I am one of the hundreds of young Spaniards who interned with Chris at EMC. I stayed at the Life House in the Bronx for 12 weeks in the fall of 2010 and I have to say that this experience changed my life, and I cannot be grateful enough to Chris for the hard work he put in all these years and the opportunity to become part of EMC’s family. I made such good friends.
From the first meeting at . . . Westchester-Putnam Right-To-Life group it was you who was the most inspiring to me. That big hat and sure smile belied the passion for the cause of Life in your heart. Many years have passed. God chooses our time. Each minute is precious! God bless you!

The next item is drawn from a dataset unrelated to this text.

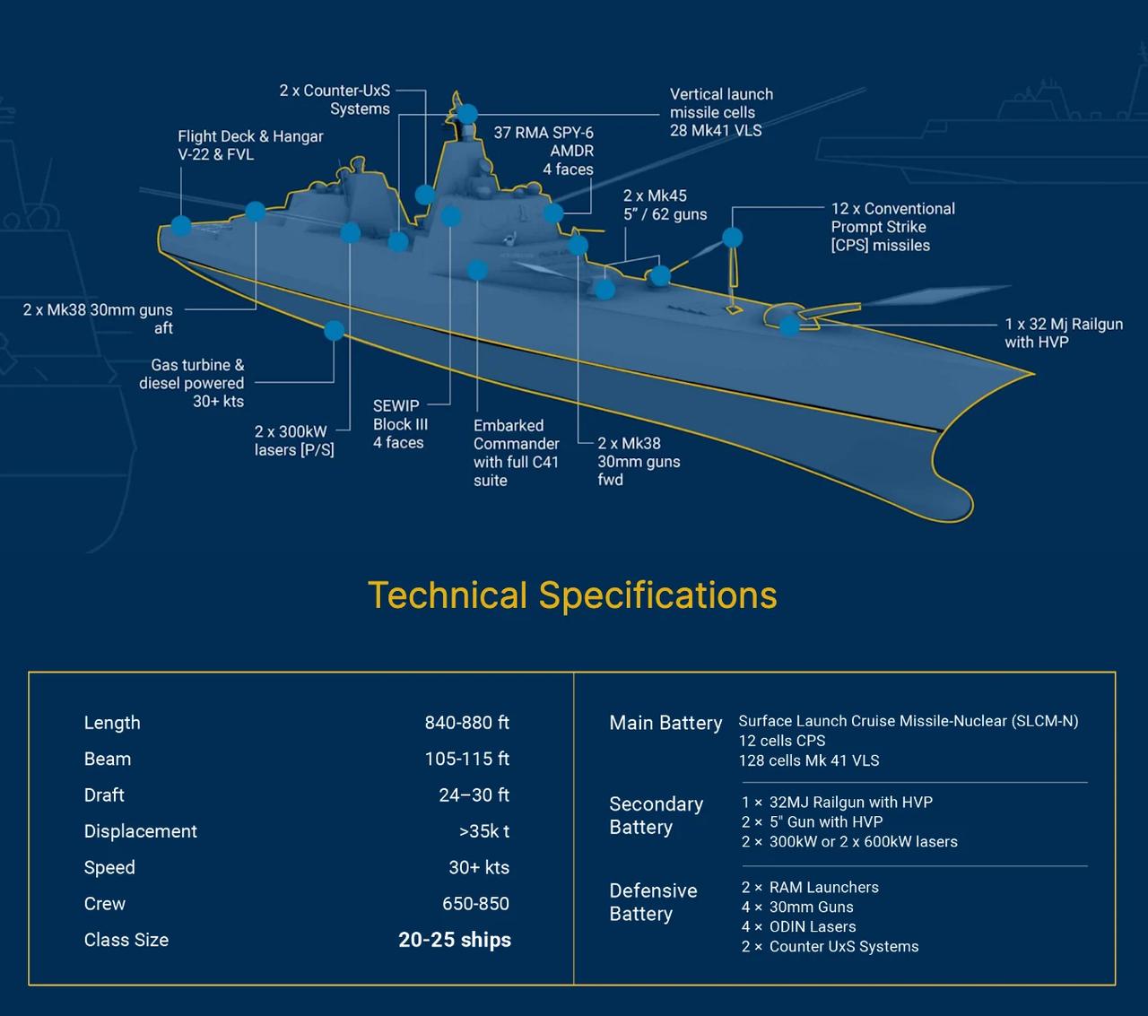川普玩嗨了,宣布建造特朗普级战列舰,该级战列舰首舰称之为“无畏”号。 没想到吧,这年头居然还能看到战列舰,美国现在连护卫舰造起来都费劲,居然直接开造海上巨无霸。特朗普称这是史上速度最快、体型最大的战列舰,不知道是不是为了迎合他个人兴趣爱好,反正还要用他的名字命名,未来计划建造10艘,先买2艘用用再说。 性能也是强大到吓死人,装备电磁炮、激光武器、高超音速导弹、核巡航导弹等,反正美国手头上有或没有的都装上去,有点像拼图好看为主。排水量高达3.5万吨,舰长256米-268米,舰宽32米-35米,最高航速超过30节,船员650-850人。不像是专业设计,搞不好图纸还是特朗普自己画的,开心就好。

But any story about Chris Slattery must give him the last word to express what matters most to him. As vice-postulator for the sainthood cause of Blessed Michael McGivney, founder of the Knights of Columbus, I had brought a first-class bone relic to our lunch meeting. After praying to God through Father McGivney’s intercession, Slattery reflected on past days and the days to come.
“It’s been a wonderful life,” he said. “I have been privileged to serve the most defenseless and vulnerable in America’s greatest city. I have had the privilege of getting to know and work side-by-side and go to prison with the great prolifers in history . . . I can’t say it’s been easy, in fact, it’s been very hard, with many challenges that have been tough to withstand. But it’s been very much worth it, and I pray for God to give me an extension. We have a lot more pro-life work to do.”